• [Exercise goal] Output each line exactly as written, from the first line of the records to the line bearing "試合前に取材に応じるドジャース・山本(撮影・柳原 直之)", inclusive, while leaving every picture out.

[Items listed in a dataset]

————————

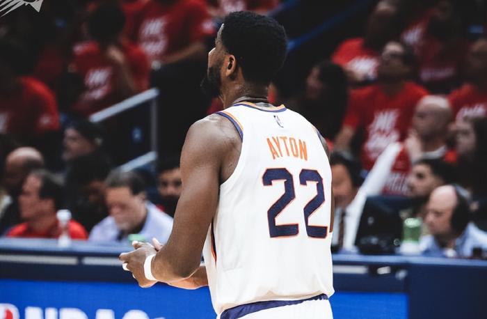 第二节,双方开局的争夺依然激烈,比分交替上升来到43平。此时,场上出现意外,海斯故意撞倒克劳德直接遭到驱逐。太阳方面此后打出16-5,单节轰出31-19的比分。半场结束,太阳59-48反超了11分。上半场,艾顿21分,而英格拉姆和麦科勒姆合砍25分。
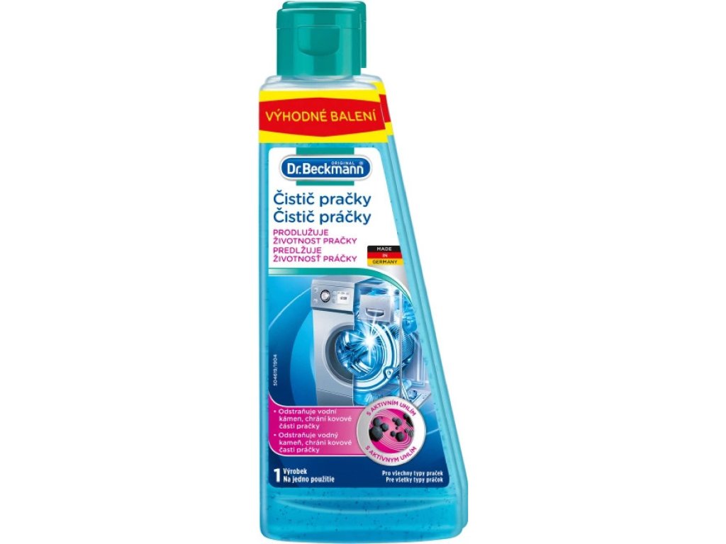 - odstraňuje usazeniny po praní, vodní kámen a další dlouhodobé nečistoty z topných těles, hadic, bubnu a všech vnitřní částí pračky
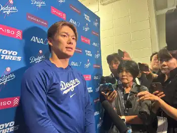 試合前に取材に応じるドジャース・山本(撮影・柳原 直之)
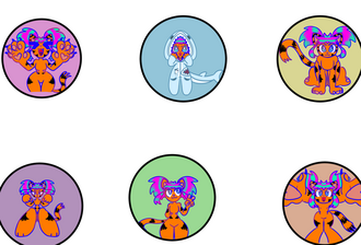 comes with 3 expressions, front n back, color pallet,outfit(if included), description
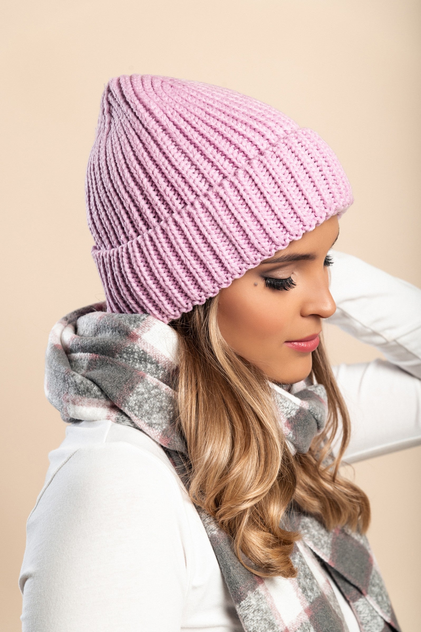 Light pink knitted hat made of soft fabric with a ribbed knit design and rolled hem, perfect for winter wear.
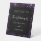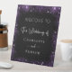 Wedding black purple sparkles welcome pedestal sign
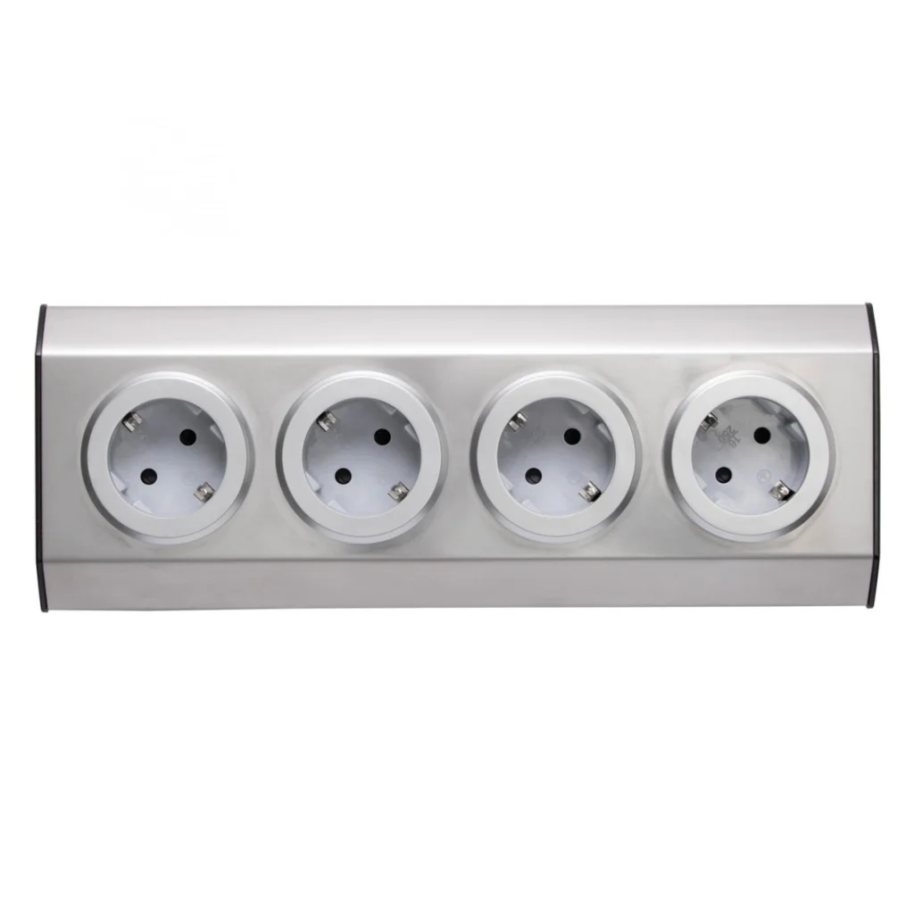 A KNV 04 Szerelhető konyhai elosztó rozsdamentes acél kivitelben készült, 4 db földelt aljzattal. A biztonságos használat érdekében gyermekvédelemmel ellátott. Maximum 3680 W-ig terhelhető. Praktikus kialakításának köszönhetően elhelyezheti vízszintesen vagy függőlegesen falra, sarokba, pultra, de akár felső szekrény alá is konyhájában. Rögzítheti öntapadós tépőzárral vagy csavarokkal.
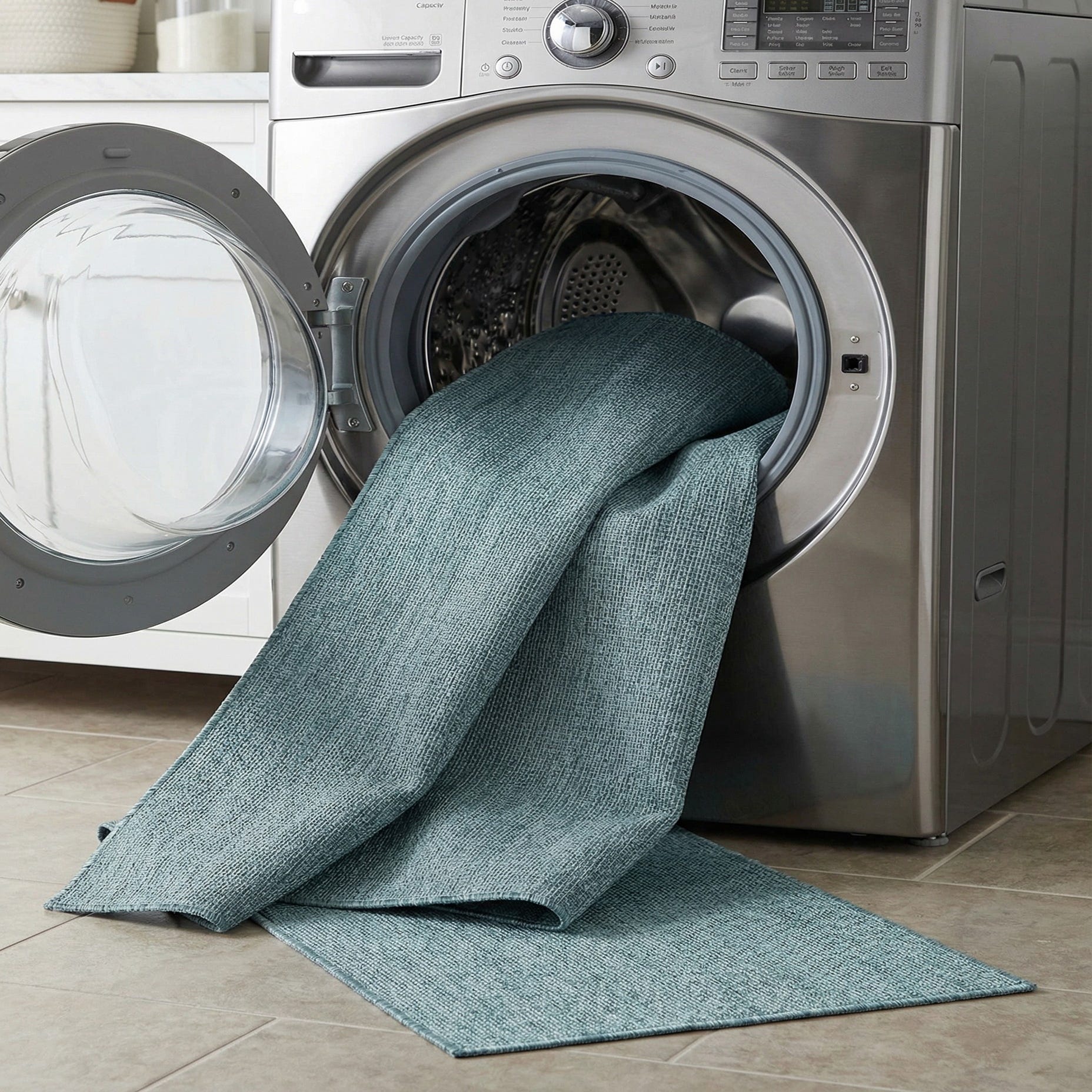 This runner is well-suited to coastal, modern, or transitional settings. Place it in a covered porch or sunroom to anchor seating, use it along a hallway or kitchen galley to add a quiet wash of color, or pair it with natural wood, rattan, and neutral linens to emphasize a relaxed, layered look. The aquamarine tone complements sandy beiges and warm woods while the beige flecks help tie together mixed materials and muted color palettes.

————————

• [Task response]
 第二节,双方开局的争夺依然激烈,比分交替上升来到43平。此时,场上出现意外,海斯故意撞倒克劳德直接遭到驱逐。太阳方面此后打出16-5,单节轰出31-19的比分。半场结束,太阳59-48反超了11分。上半场,艾顿21分,而英格拉姆和麦科勒姆合砍25分。
 - odstraňuje usazeniny po praní, vodní kámen a další dlouhodobé nečistoty z topných těles, hadic, bubnu a všech vnitřní částí pračky
 試合前に取材に応じるドジャース・山本(撮影・柳原 直之)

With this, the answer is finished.